> [TASK DIRECTIONS]
Pictures in the material below are to be left out, and only the lines from the line with "佐藤さんは、しっかりとした足" up to and including the line with "Your Decor: $1,900" are to be written out exactly.

> [INPUT RECORDS]
* * * * * * * * *
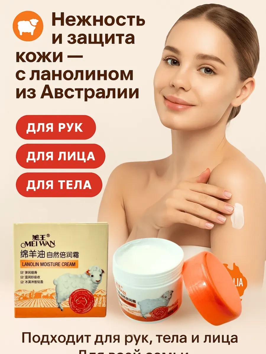 Идеальное средство для ухода за кожей всей семьи — это мягкий, увлажняющий крем с натуральным ланолином из Австралии. Он глубоко питает, восстанавливает защитный барьер и предотвращает сухость. Формула разработана для ежедневного применения: подходит для рук, лица и тела. Нежная текстура быстро впитывается, не оставляет жирной плёнки и липкости.
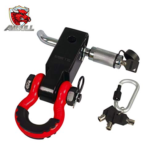 AMBULL Shackle Hitch Receiver 2 Inch, with 3/4 Inch D-Ring Shackle, Locking Pin, 2 Insurance Pins, Heavy Duty Solid Recovery Kit, Red
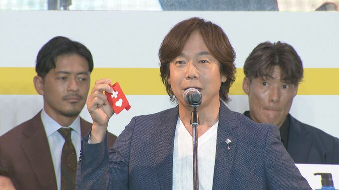 佐藤さんは、しっかりとした足取りで登場するとトロフィーを受け取り、“昔の子どもたち、こんにちはー!”と、「ひろみちおにいさん」らしい挨拶。“去年の今頃は、まだリハビリ病院で入院をしていました。今こうして立っているんですけれど、見た目ではわからないので常にヘルプマークを「何かあった時にはみなさんに助けていただきたいな」と思いながら持ち歩いています”と、自身の持つヘルプマークを紹介しました。
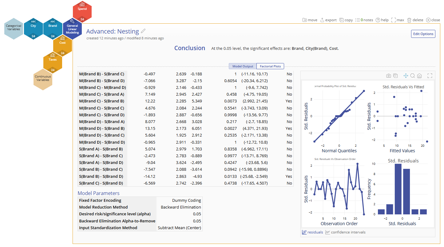 We can interpret the model similarly to how we have in the previous examples. The "Tukey Adjustment" table for differences in our categoric variables and the "Factorial Plots" are new focuses of this output.
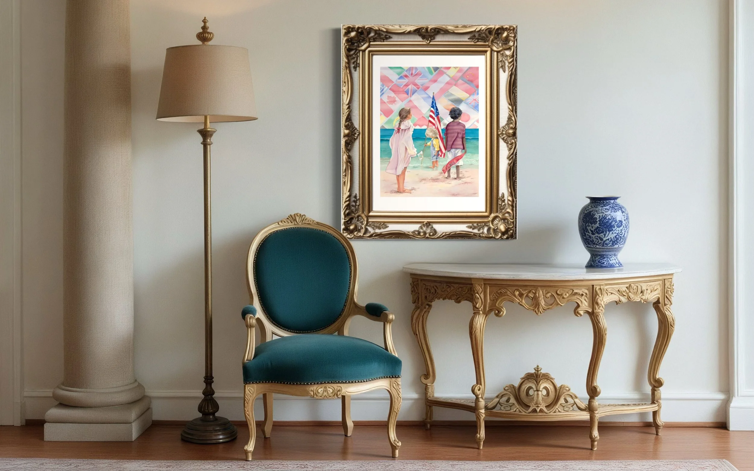 36” x 44” (approximate depending on frame) Hand Embellished Canvas with Hand Picked Vintage Frame to Fit Your Decor: $1,900
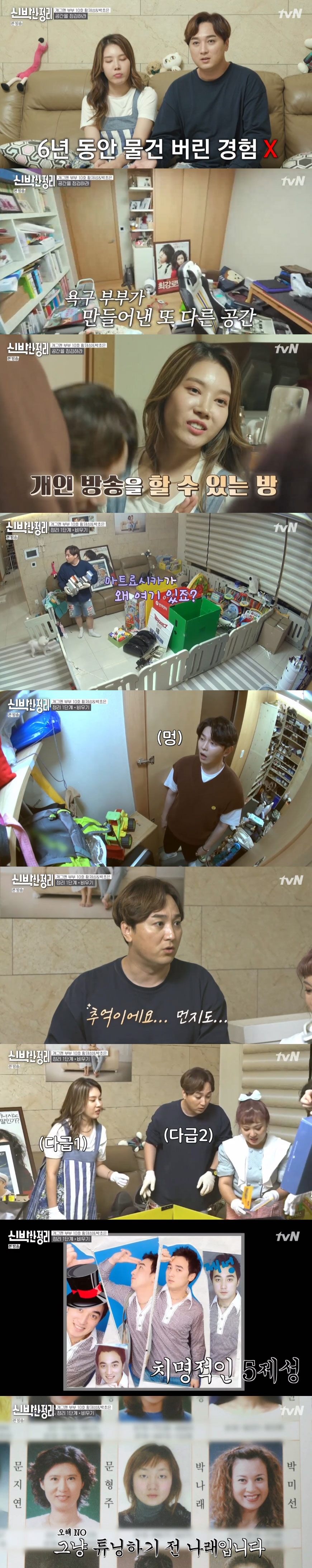 욕구 부부에게 찾아온 첫 비움의 시간. 황제성은 먼저 가득한 연애시절 아내와 함께 산 RC카에 "먼지도 추억이다"고 해 웃음을 안겼다. 그때 황제성의 과거 모습이 담긴 추억의 사진을 발견, 특히 10년 전 방송인 노조 수첩에서 튜닝 전 박나래과 신애라의 모습이 공개돼 웃음을 안겼다. 이후 신박한 정리단이 떠난 후 부부는 스스로 비움의 시간을 가졌다. 아내는 "아들이 꿈꿀 수 있는, 육아하기에 최적화된 집이 됐으면 좋겠고, 신랑이 일하고 왔을 때 푹 수 있는 공간이 생겼으면 좋겠다"고 했다.
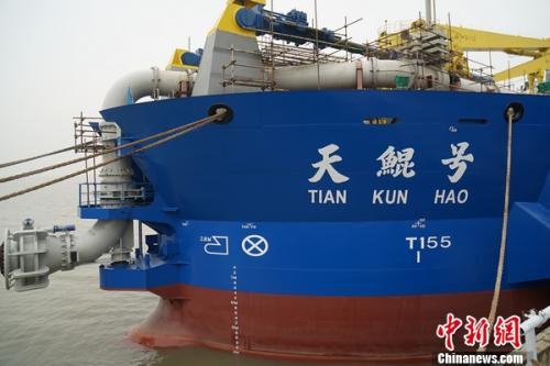 中新网上海12月1日电(张一凡) 亦霄览德聊追凤,沧海寻仙更踏鲲。作为国内首艘采用全电力驱动型式的自航绞吸式挖泥船,今年11月3日,“天鲲号”挖泥船在江苏启东下水。这艘由中国交建建造的“大国重器”,正如北冥之鲲一般高大伟岸。
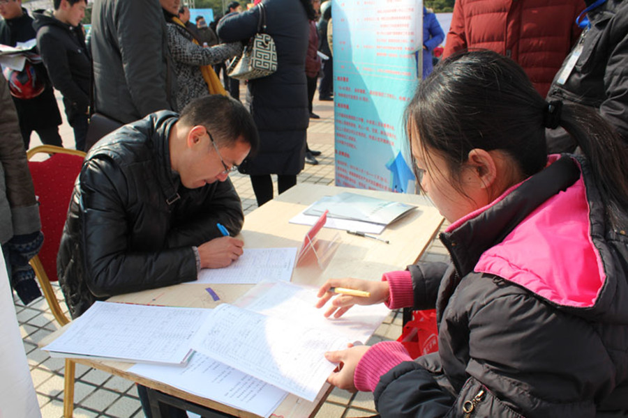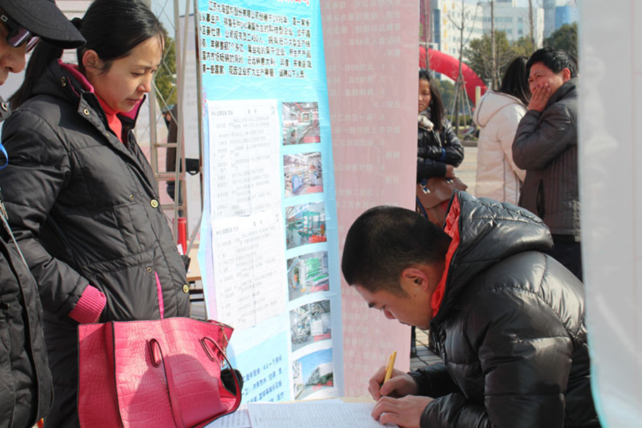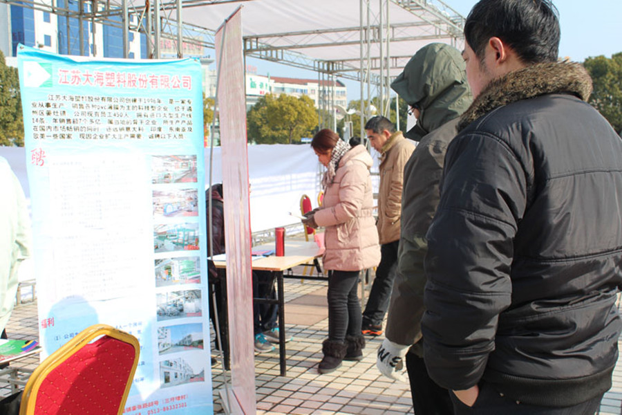 從2月8日起,公司除了在大門外張貼招聘人才廣告外,還陸續(xù)派出招工小組,分赴南通高新區(qū)、南通家紡城、南通人才市場招工。
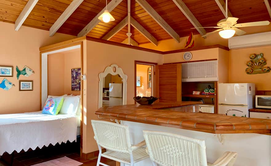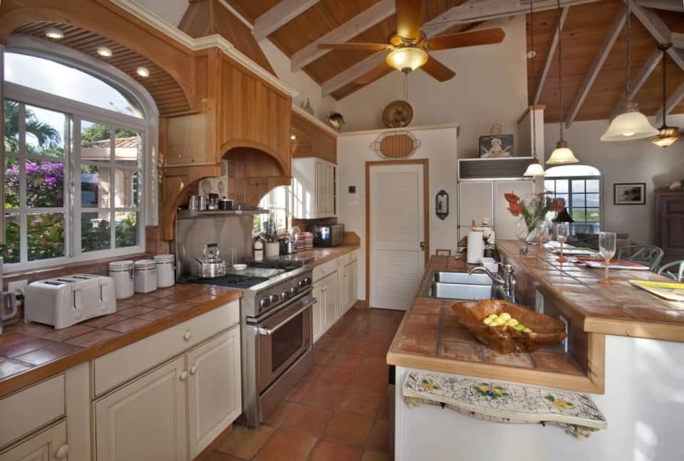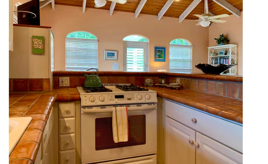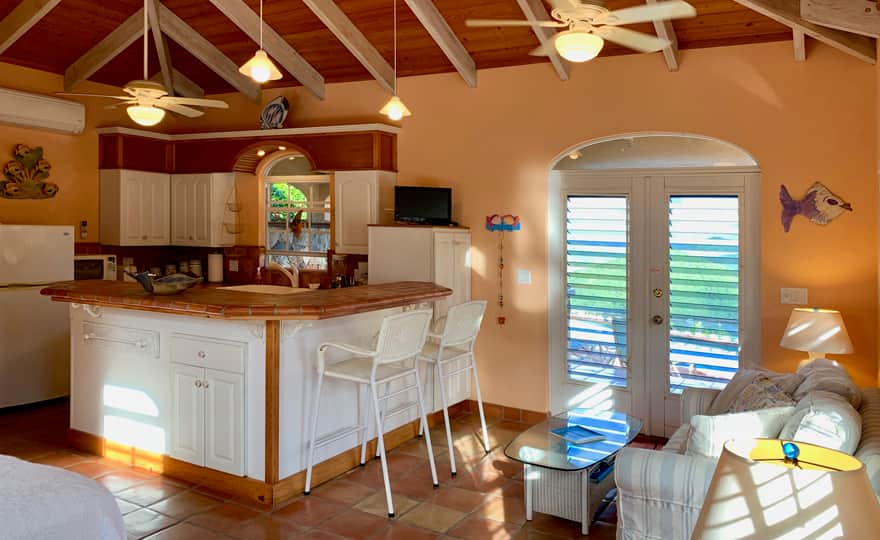 Separated by the pool deck you will find the main house full kitchen and living area with indoor dining table, entertainment system and additional washer/dryer units. Exterior access to the 2nd queen bedroom pod with en suite bath and outdoor shower, separated by an outdoor dining area with great views for dining al fresco. The villa is equipped with a propane generator to keep you comfortable during island outages.
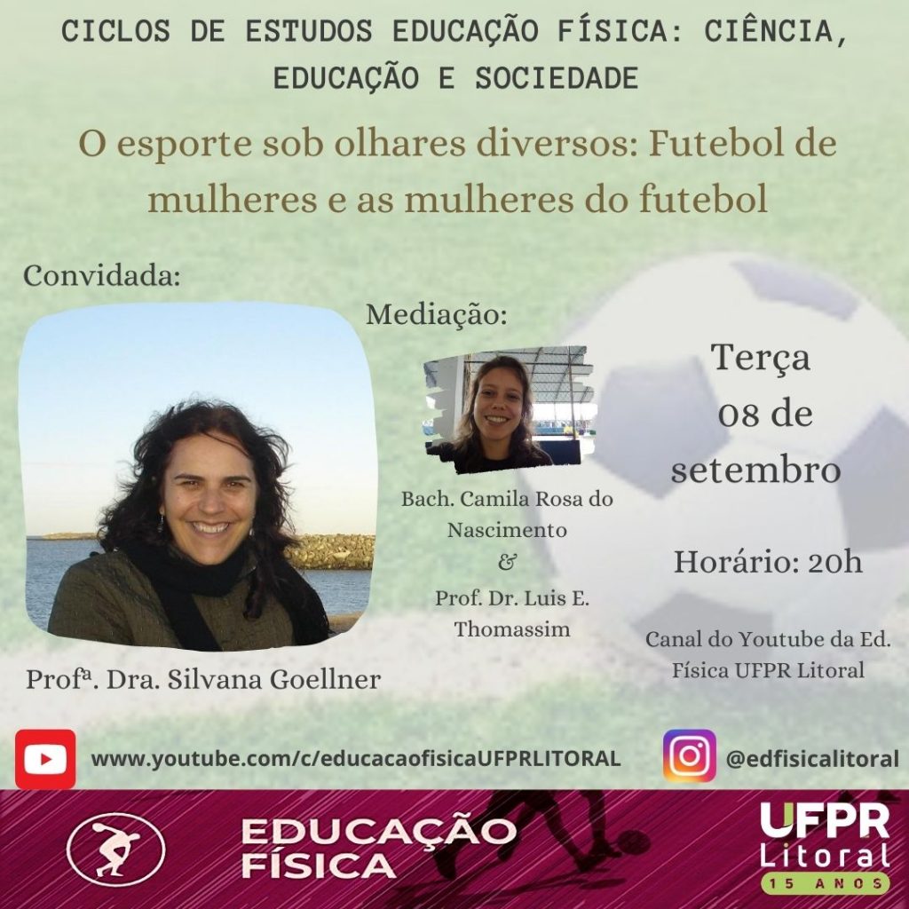 Nesta 3a feira, dia 8/9, às 20h, o Ciclo de Estudos em Educação Física: Ciência, Educação e Sociedade traz a convidada Profa Dra. Silvana Goellner (UFRGS), que vai abordar o tema O Esporte sob olhares diversos: futebol de mulheres e as mulheres do futebol.
* * * * * * * * *
> [ANSWER FOR THIS EXERCISE]
 佐藤さんは、しっかりとした足取りで登場するとトロフィーを受け取り、“昔の子どもたち、こんにちはー!”と、「ひろみちおにいさん」らしい挨拶。“去年の今頃は、まだリハビリ病院で入院をしていました。今こうして立っているんですけれど、見た目ではわからないので常にヘルプマークを「何かあった時にはみなさんに助けていただきたいな」と思いながら持ち歩いています”と、自身の持つヘルプマークを紹介しました。
 We can interpret the model similarly to how we have in the previous examples. The "Tukey Adjustment" table for differences in our categoric variables and the "Factorial Plots" are new focuses of this output.
 36” x 44” (approximate depending on frame) Hand Embellished Canvas with Hand Picked Vintage Frame to Fit Your Decor: $1,900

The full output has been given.